MLA for Calgary North Hill
- In office 1979–1986
- Preceded by: Roy Farran
- Succeeded by: Fred Stewart

Personal details
- Born: August 31, 1930 Clanwilliam, Manitoba
- Died: September 19, 2013 (aged 83) Calgary, Alberta
- Party: Progressive Conservative Association of Alberta

= Ed Oman =

Canadian politician

Edwin Albert "Ed" Oman (August 31, 1930 – September 19, 2013) was a provincial level politician from Alberta, Canada.

==Political career==
Oman was elected as a Member of the Legislative Assembly of Alberta representing the Calgary North Hill electoral district in the 1979 Alberta general election.

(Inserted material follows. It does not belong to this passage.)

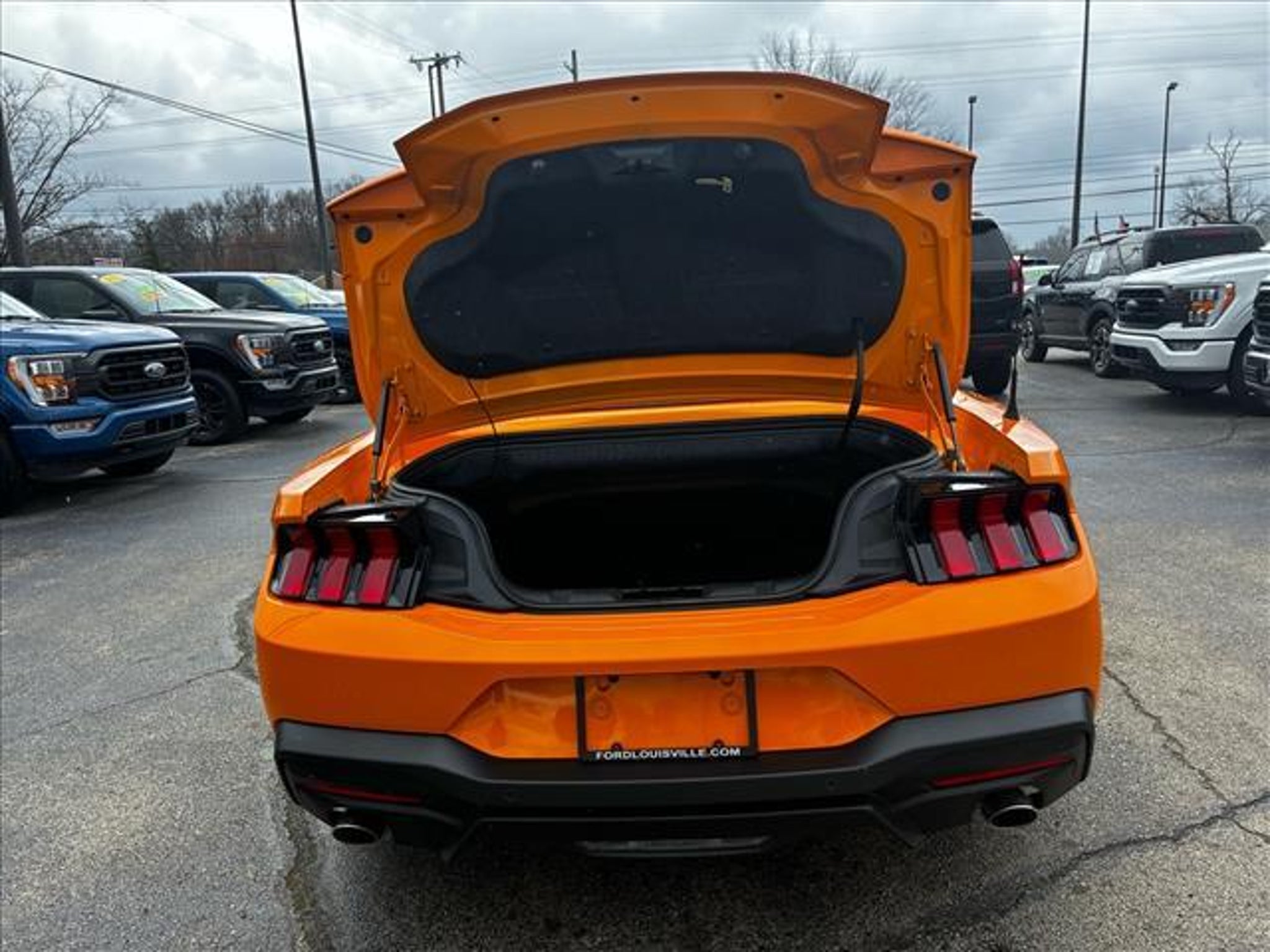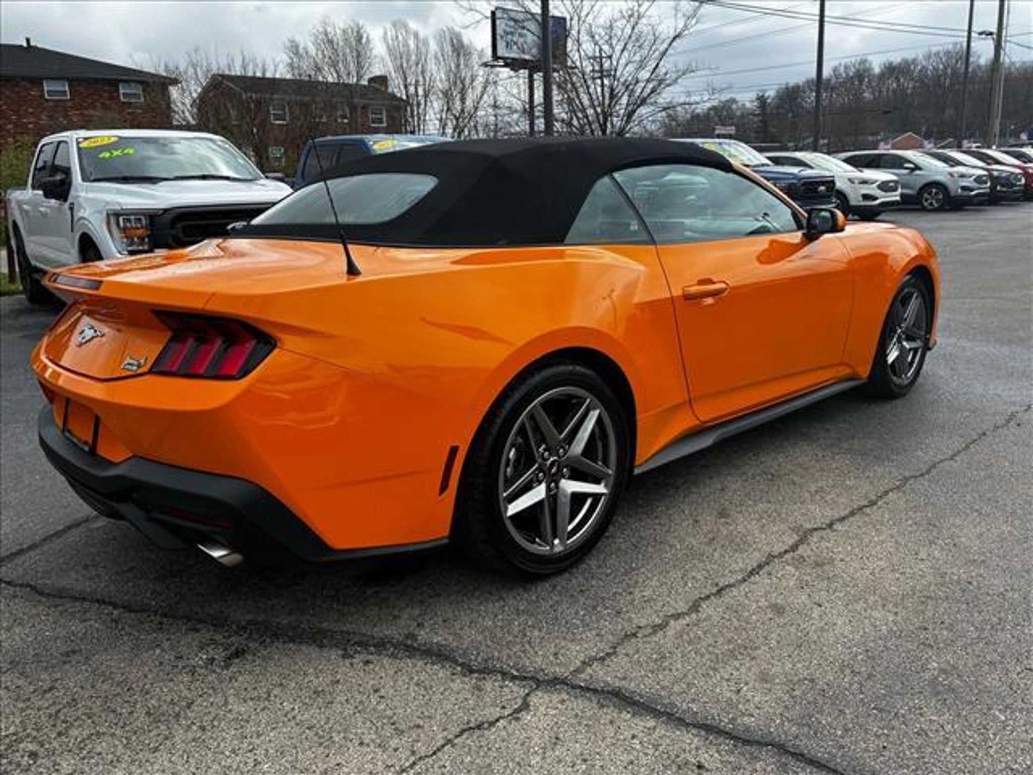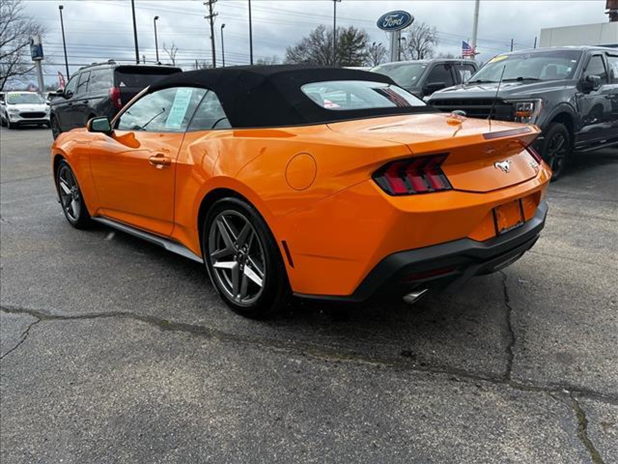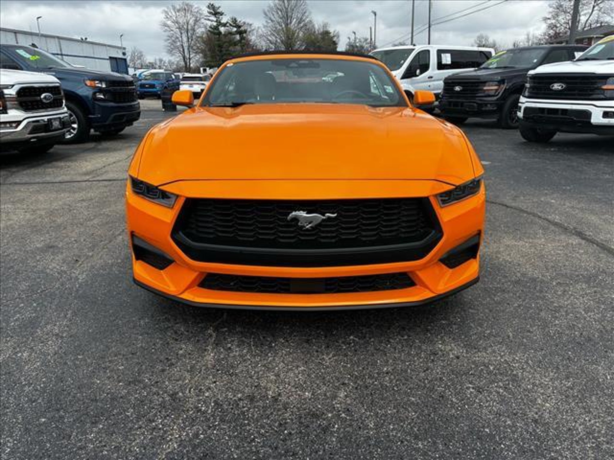 This vehicle is a 2026 Ford Mustang EcoBoost Premium Convertible with a carfax report available. It has driven 10,796 miles and is powered by a 2.3 liter EcoBoost Turbo I4 315hp 350 lb-ft engine with a turbocharged RWD drivetrain. The exterior of the car is orange and it has a black interior. It has great fuel economy with 22 mpg in the city and 33 mpg on the highway, making it an efficient choice for anyone looking for a reliable ride. Blind spot sensor and hill start assist are also included for added safety and convenience. This car is sure to turn heads wherever it goes! Contact Details: Town and Country Ford - Louisville, 6015 Preston Hwy, Louisville, KY, 40219, tbradley@tacford.com, (502) 964-8131.

He won easily over second place challenger Dennis Shupe from the Social Credit party and three other candidates to hold the district for the Progressive Conservatives. He was re-elected to a second term in office in the 1982 Alberta general election winning a landslide. He defeated challenger Agnes Middleton from the NDP and two other candidates. Oman retired from provincial politics at the end of his second term in office.

Oman died of pancreatic cancer September 19, 2013 in Calgary.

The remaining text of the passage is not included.